Hier stößt sie keiner aus, im Gegenteil: Hier werden sie gefördert, lernen diese Berufe, mit denen sie sich selbst und ihre Familien selbst ernähren können. Jeder hier im Hospital, dem es Krankheit oder Alter ermöglichen, arbeitet. Überall sieht man geschäftiges Treiben, hört man die typischen Geräusche von arbeitsamen Menschen wie damals bei den Heinzelmännchen in Köln. Nur anders als im Märchen verschwinden die fleißigen Adeligen von Ghanta nicht, als ich – neugierig, wie ich im meinem manchmal auch etwas ehrbaren Beruf nun mal bin – hinter die Kulissen schaue.
Ich kann gar nicht sagen, welche fleißigen Handwerker mich am meisten beindrucken. Dafür lege ich ein kleines, lokales Wirtschaftsförderungsprogramm auf. Nach jedem zweiten Fototermin muss ich zurück zum Gästehaus gehen. Nicht etwa, weil die Akkus so schnell leer sind oder die Sonne mal wieder erbarmungslos brennt, sondern um die ganzen Sachen dort zu deponieren, die ich hier kaufe.
Ich habe zwar noch keinen blassen Schimmer, wie ich all das im meine Tasche packen oder am Zoll vorbeischmuggeln kann, aber dafür habe ich all meine Weihnachtsgeschenke beisammen. Kein China-Schrott, sondern alles handgefertigt von fleißigen Händen, obwohl diese durch Lepra nicht mehr wie Hände aussehen. Zumindest, wenn man den üblichen „guten Geschmack“ als Maßstab nimmt, aber das macht bei Mario Barth ja auch niemand, sonst würde er ja nicht mehr auftreten. Ghanta-2 280-klein
Die Holzschnitzer. Doch, jetzt habe ich einen Handwerkszweig gefunden, der mich vor Ehrfurcht hat verstummen lassen – wer mich kennt, weiß, was das bedeutet. Sprachlos nicht nur wegen der Fingerfertigkeit – trotz des Fehlens derselbigen. Es gibt hier ein spezielles Holz, das von außen völlig normal aussieht, eher etwas farblos. Fängt man an zu schnitzen, wird es rot – je weiter man zur Mitte des Holzstücks kommt, umso dunkler wird die anfangs knallrote Farbe.
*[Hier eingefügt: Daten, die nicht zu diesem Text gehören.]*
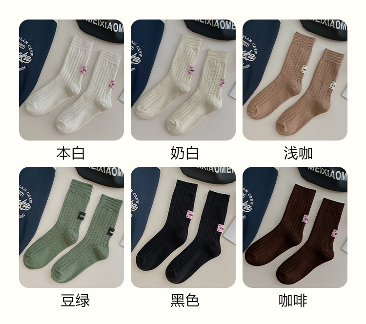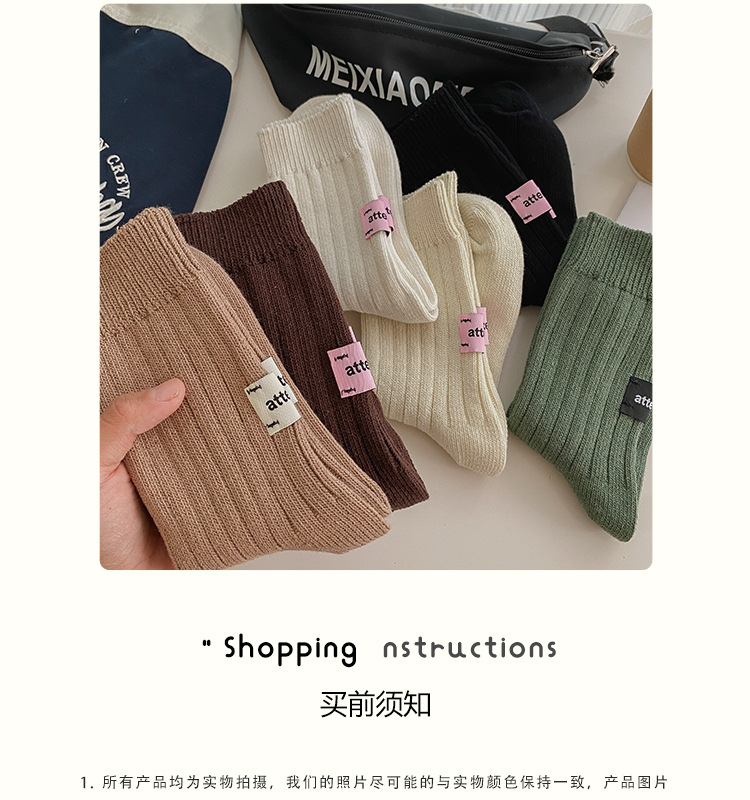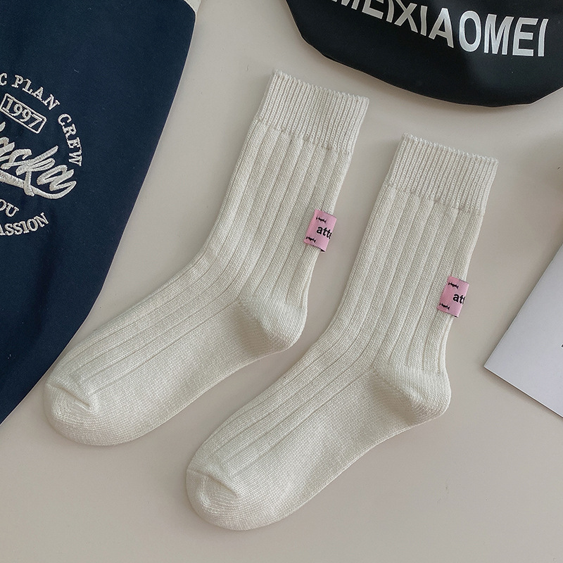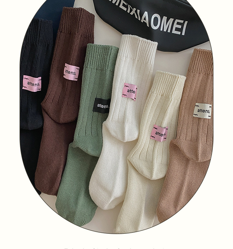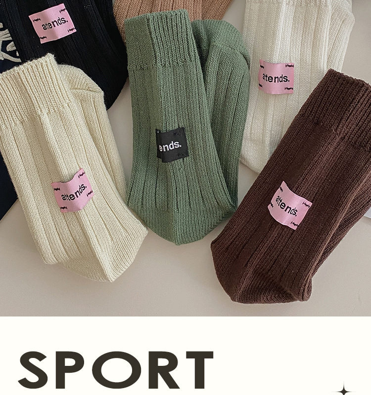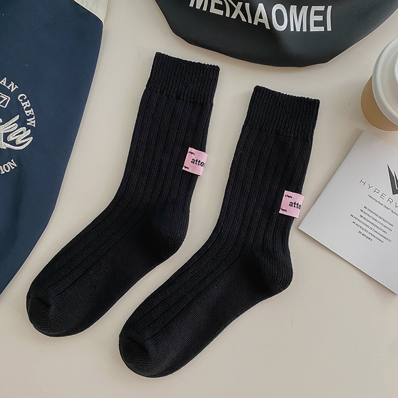 개인화 된 뒤꿈치 천 라벨 양말 유행 면 양말 봄, 여름, 가을, 겨울 사이버 연예인 스포츠 겉옷 중간 길이 양말 여성 스타킹

Solche Farbspiele bringt halt nur die Natur hervor und die Holzschnitzer aus dem anfangs unförmigen Klotz heraus. Wer mich zu Weihnachten besuchen kommt, wird es sehen und bestaunen können, denn ich habe mir eine komplette Weihnachtskrippe gegönnt: Maria und Josef mit dem Junior-Chef in der Krippe, dazu die Hirten und natürlich die drei Könige. Natürlich tragen sie allesamt afrikanische Gesichtszüge, denn auf diesem Kontinent ist ja die Wiege der Menschheit. Daher gibt es auch nicht Ochs und Esel dazu, sondern Schaf, Ziege, Kamel und Giraffe. Und wem das nicht gefällt, der kann auch gleich zu Mario Barth gehen.